They hadn’t gone a hundred yards when, with a roar, the other airboat surged out into the channel behind them.

“Son of a gun!” Hoyt exclaimed. “That fella must have a pretty good man at the tiller to get through those mangroves.” The airboat jumped ahead again as he goosed the motor. He looked back at Gabriel. “Don’t you worry. I know a place where we can lose ’em for sure!”

“You’d better find it fast,” Gabriel said, pointing. A couple of men on Jet Skis had appeared in the channel in front of them and were racing toward the airboat, firing guns as they came.

Chapter 5

At least he had some suitable targets for the Colt now. Gabriel reached behind his back and whipped out the revolver. He leveled it and squeezed off two shots at the man on the right as Hoyt shouted, “Give ’em hell!”

The man Gabriel had targeted went backward off the Jet Ski, which shot into the air as it went out of control. The other man veered away as Gabriel swung the Colt toward him. Gabriel triggered one shot but then held his fire as the man circled and retreated.

“Son of a—” Hoyt exclaimed. Gabriel jerked his head and saw that smoke was coming from the airboat’s motor now. Hoyt shouted, “Bullet must’a nicked an oil line! We can’t keep runnin’ full out like this!”

“Can you fix it?” Gabriel asked.

“Yeah, if folks’ll quit shootin’ at us!”

Gabriel thought for a second. “You ever play chicken?”

“Now you’re talkin’!” Hoyt said as a grin creased his leathery face.

His hands moved with assurance on the controls. The airboat wheeled to the left—to port, Gabriel corrected himself; this was a boat, after all—and kept turning until it was headed straight back at the airboat that had been pursuing them.

“Get behind the seats!” Gabriel called to Hoyt. That meager cover probably wouldn’t stop a high-powered rifle bullet, but it was better than no cover at all.

He had extra bullets in a pocket. He stretched out on his belly on the bottom of the airboat and thumbed fresh rounds into the Colt’s cylinder, loading all six chambers.
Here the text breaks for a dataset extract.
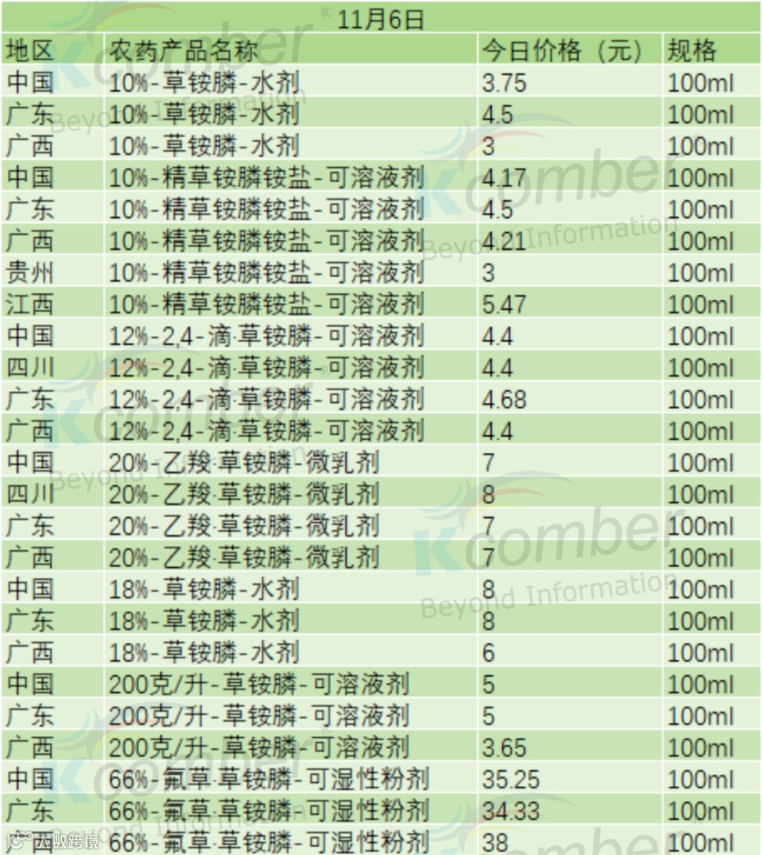 11月6日草铵膦及复配制剂主要市场报价(100ml)

The other airboat wasn’t backing off. The two craft leaped at each other, the gap between them closing in a matter of heartbeats as the men at the controls held both throttles wide open.
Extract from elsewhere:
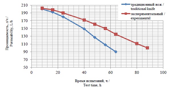 Предельного состояния экспериментальные ножи достигают после наработки 80 часов, что говорит о повышении показателя их долговечности на 27–30 %, причем за этот период разрушению подвергся 1 нож.

Gabriel braced his gun hand with the other hand around his wrist and began firing. He felt the wind-rip of a bullet near his head but didn’t hear it because the roar of the airboat’s motor drowned out the slug’s whine.
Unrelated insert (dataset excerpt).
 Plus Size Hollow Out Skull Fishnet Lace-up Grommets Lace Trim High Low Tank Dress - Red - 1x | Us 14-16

The rifleman had bellied down, too, to make himself a smaller target. As the airboats roared toward each other, the space between them narrowed to the point that Gabriel could make out the man’s face. It was no surprise that he recognized it.

The rifleman was the ugly bastard who had carried Mariella Montez out of the Metropolitan Museum of Art.

“Who’s gonna blink?” Hoyt called. Black smoke continued to trail behind the motor, but so far it hadn’t missed a beat.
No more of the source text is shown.